Kanuni düzenlenmeye bağlanmamış hukuka aykırılıklar

Öğretide, hükme etkili oldukları açıkça yasal düzenlenmeye bağlanmamış hukuka aykırılıkların nispî temyiz sebebi olarak ileri sürülebileceği yönünde görüşler ileri sürülmektedir.[33]

Hiçbir temyiz nedeni içermeyen temyiz dilekçesi

Temyiz dilekçesi gerekçeli olmalıdır. Bu kural hem nispî hem de mutlak temyiz sebepleri açısından geçerlidir. Öğretide, hiçbir temyiz nedeni içermeyen bir temyiz başvurusunda mutlak temyiz nedenlerinin kendiliğinden dikkate alınmayacağına ilişkin görüşler ileri sürülmektedir.[34]

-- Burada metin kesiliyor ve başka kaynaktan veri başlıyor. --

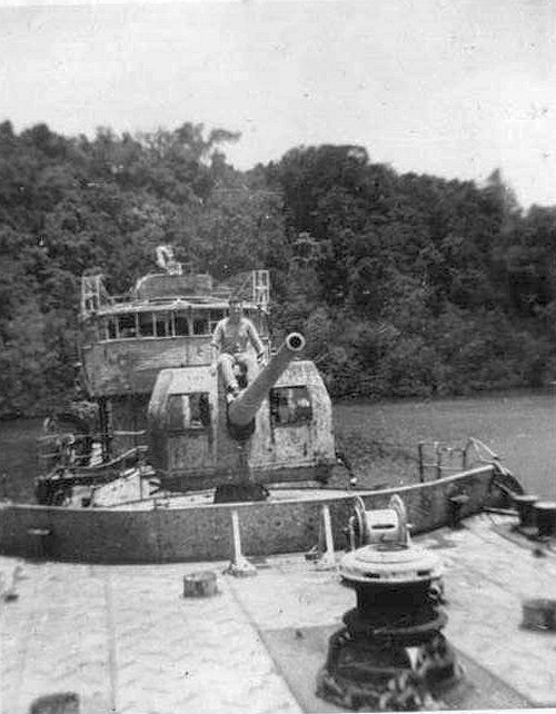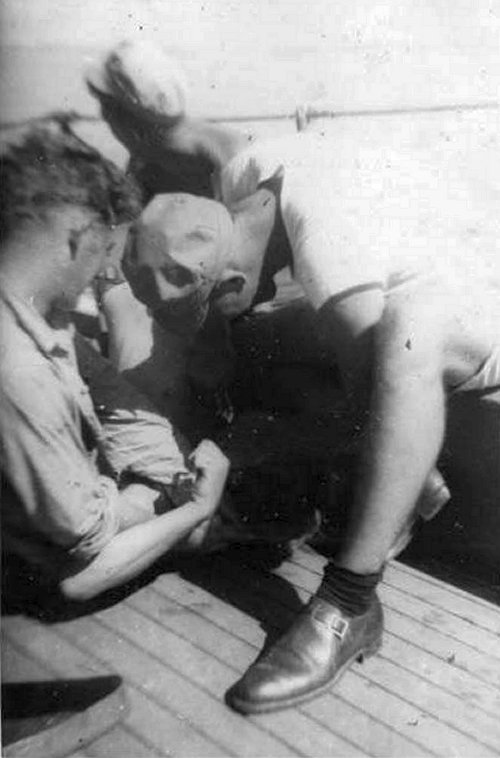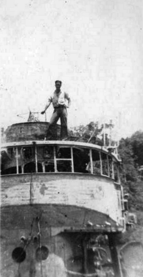 18. Dougherty RdM 2/c on Japanese Destroyer at Tulagi
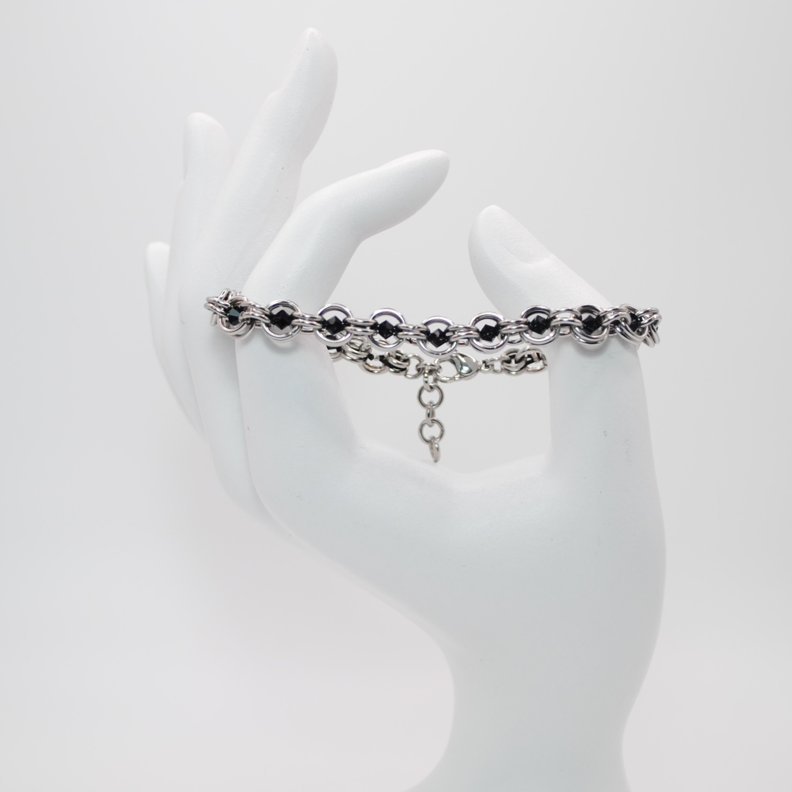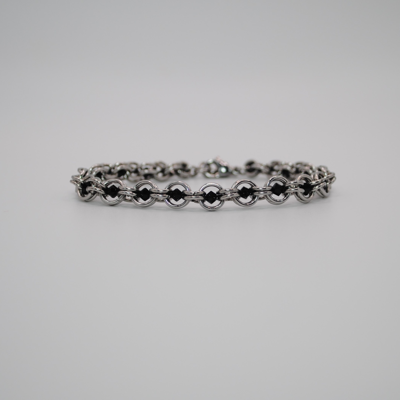 Brățara Black Glow este o piesă statement, lucrată manual cu migală din zale de 5, 6 și 7 mm, fiecare închisă individual și împletită cu precizie într-un model unic, durabil și vizual hipnotizant. Între ansamblurile metalice, cristalele biconice Preciosa de 3 mm, în nuanță neagră intensă, par să plutească subtil — oferind un contrast misterios și sofisticat care atrage privirea fără ostentație.

Temyiz başvurusunda herhangi bir gerekçe belirtilmemiş ise yani dilekçede gerekçe yoksa yapılan ön incelemede başvurunun reddine karar verilebilir. Bu şekilde gerekçesiz bir dilekçe Yargıtay’ın ön incelemesinden geçemez. Bu durumda hükümde var olan ancak gösterilmeyen nedenin mutlak mı yoksa nispî bir temyiz nedenine ilişkin olduğu hususu belirlenemeyecektir. Yani bu hususu denetlemek imkânsız hale gelecektir.

Yargıtay, temyiz dilekçesinde herhangi bir temyiz sebebi gösterilmemesi halinde temyiz talebinin 5271 sayılı CMK m. 298/1 hükmü uyarınca reddine karar vermektedir.[35]

Yargıtay, temyiz nedeninin varlığı tespit edilmiş olan temyiz dilekçesi veya beyanı bakımından, bu dilekçe veya beyanda hukuka kesin aykırılık hâlleri gösterilmemiş olsa dâhi temyiz incelemesi sırasında hukuka kesin aykırılık hâllerinin kendiliğinden dikkate alınmayacağını bazı kararlarında dile getirmektedir.[36]

CMK m. 294/1 hükmüne göre; temyiz edenin, hükmün neden dolayı bozulmasını istediğini temyiz başvurusunda belirtme zorunluluğu bulunmaktadır. CMK m 289 hükmü belirtilen düzenlemenin bir istisnası niteliğinde değildir.

CMK m. 298[37] maddesi uyarınca gerekçesiz bir dilekçe Yargıtay’ın ön incelemesinden geçemez.[38]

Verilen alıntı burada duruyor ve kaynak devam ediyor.